On PEBs, she said that historically they were 180 seconds, then they were reduced to 90 seconds and currently they were 60 seconds. The draft regulations would be published by the end of November and would be open to the public to comment. There had been no decision on a 30-second slot.
Ms Kadi added that the 60 seconds was too long, so now it was 50 seconds. From the Independent Electoral Commission’s (IEC’s) perspective, there might be more political parties contesting the election. No other party would get an extra 10 seconds.
Ms Gongxeka-Seope said the 50 seconds did not include the opening and closing parts.
On community radio stations, Ms Kadi said there was a lack of community participation and this was troublesome and made the licensing component burdensome. ICASA was working to understand why there was a lack of respect for licensing obligations.
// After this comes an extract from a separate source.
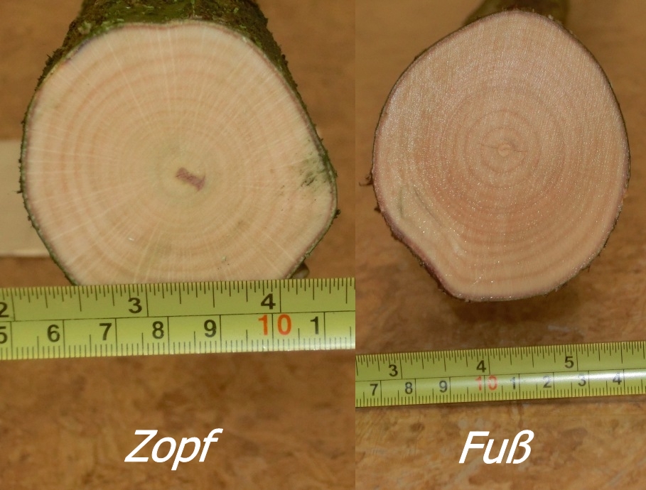 Schwierigste Stelle: Ein Ästchen von 8mm Durchmesser auf der deflexen Seite 13cm vor dem Zopfende, einen Anhalt für Drehwuchs konnte ich nirgends entdecken, wenn dann kann es den nur am Fußende geben. Die Frage lieber Rabe lautet, wie soll ich weiter Vorgehen, Du baust und bestimmst, ich Handlangere nur?
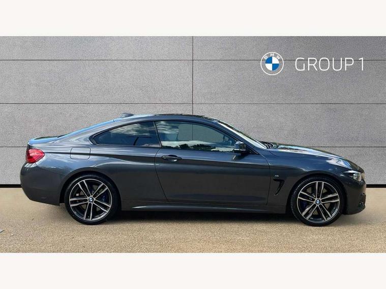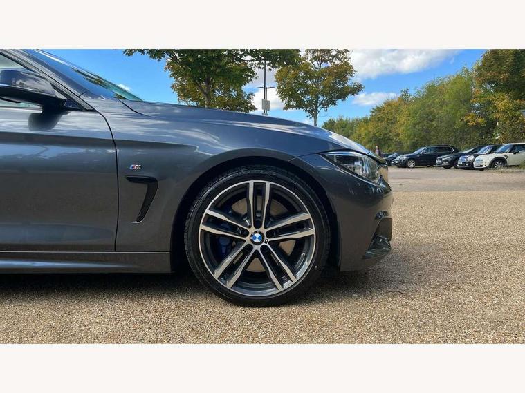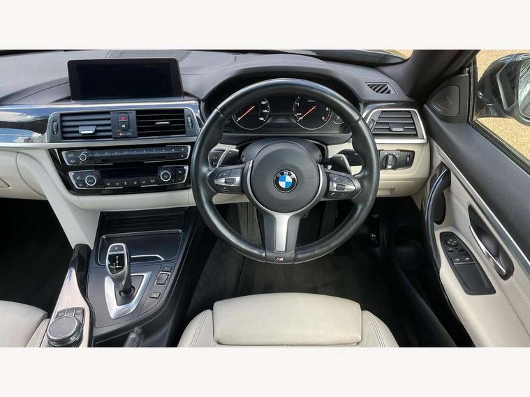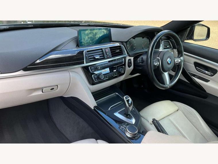 BMW Online services, BMW remote services, BMW Teleservices, Brake pad wear indicator warning light, Check control system, Door/boot open warning, Front/rear Parking distance control, iDrive controller and display with 6.5" monitor, Lights on warning, Oil temperature gauge, On board computer, Outside temperature display, Real time traffic information, Run flat indicator, Service interval indicator, Stop/start button, Diesel particulate filter, Drive Performance Control, Electronic differential lock, Sports function on gearbox with steering wheel mounted gearshift paddles, Bluetooth audio streaming, BMW professional radio/CD/MP3, DAB Digital radio, 2 speed adjustable intermittent wipers with wash/wipe function, Auto dimming rear view mirror, Body colour bumpers, Body colour door handles, Body colour door mirrors, Body colour roof mouldings, Chrome kidney grille with black vertical slats, Door sill finishers, Dual chrome exhaust, Electric adjustable heated door mirrors, Electric front windows/one touch facility, Follow me home headlights, Heat insulating tinted glass, Heated windscreen washer jets, High gloss shadow line, LED daytime running lights, LED front fog lights, M aerodynamic bodystyling, Rain sensor including auto headlights activation, Welcome lighting, Windscreen with grey shadeband, 12V sockets in front centre console and passenger footwell, 3 spoke leather M sport multifunction sports steering wheel, 4 grab handles, Anthracite headlining, Anthracite Velour floor mats, Dual zone climate control, Folding front centre armrest with storage compartment, Folding storage compartment with glasses holder + coin tray, Front cupholders x 2, Front door storage with bottle holder, Front head restraints, Front sports seats with electric side bolster adjustment, Front/rear armrests within door panels, Glovebox with lid, Heated front seats, Integrated rear head restraints, ISOFIX child seat preparation+airbag deactivation, Lashing eyelets in boot, Leather gearknob, Leather handbrake grip, Reach + rake adjustable steering column, Rear centre armrest with 2 cupholders, Storage compartment in rear centre console, Toolkit located in luggage compartment, Extended lights package - 4 Series, Media pack - Professional - 4 Series, ABS/EBD, Automatic Stability Control (ASC), BMW emergency call, Brake energy regeneration, Cornering brake control (CBC), Crash Sensor - activates hazard/interior lighting + unlocks doors, Driver seatbelt warning indicator, Driver/Front Passenger airbags, DSC+, Dynamic brake control, Dynamic Traction Control - DTC, Front passenger airbag deactivation, Front seatbelt force limiters, Front seatbelt pretensioner, Front side airbags, Hill start assist, ITS head airbags for front/rear, Side impact protection, Tyre pressure monitor, Warning triangle and first aid kit, Central locking including fuel filler and boot, Drive away door locking, Electronic immobiliser, Remote control Thatcham category 1 alarm, Run flat tyres,

She had taken note of Mr Tseli’s comments on interference and intervention, and they were reviewing even ICASA’s laws in as much as they acted as a restraint. ICASA was looking at how best it could be a more active participant and Regulator.
On the matter of ‘delayed live’, ICASA awaited the submissions because it was hearing a number of divergent views on ‘delayed live’ from the state and from other relevant parties, but not much from civil society. ICASA also had to make sure it did not over reach, however.
Mr Xaba asked for an explanation on the matter of Karabo radio station, as a solution needed to be found. He was not interested in reports.
The Chairperson said there was a need for citizens to be proactive. He asked about the ICASA road shows, because they needed to ensure that they reached out. Perhaps ICASA could partner with other agencies.
The Chairperson said it would be difficult for the interviews of candidates to fill the four vacancies at the board of the South African Broadcasting Corporation to be held on 30 October 2018, as some of them would be out of the country. It would be rescheduled to 6 November 2018. The State Security Agency had intimated that its processes would require extra time, and Parliament’s schedule also needed to be taken into account.
Ms Van Damme said the chopping and changing made things difficult for her to plan, and she would be unavailable on 6 November.
Mr Xaba said the matter was of national importance and the matter must proceed on the 6 November.
The Chairperson said only one interviewee would not be available on the 6th. He said on 30 November, the Committee would meet with the Special Investigating Unit (SIU) for an update on issues around security companies used by the SABC, as well as an update on the SABC board member who had a problem with North West University. The BRRR report would be adopted at that meeting. On 6 November, the Committee would do the SABC interviews. On 13 November it would be briefed on the implementation of digital migration. On 20 November, the Department would brief the Committee on its performance management and on ICASA. On 23 November there would be a briefing by the Government Communication and Information System (GCIS). He said the study tour was still under consideration.
Ms Van Damme suggested the SABC candidates be adopted on 6 November.
Mr Tseli had an issue with that, as the Committee needed time to reflect on the decision.
Mr Xaba said that the public would in effect also be providing input.
The Chairperson suggested the Committee could meet on Thursday 8 November, at 12.30pm.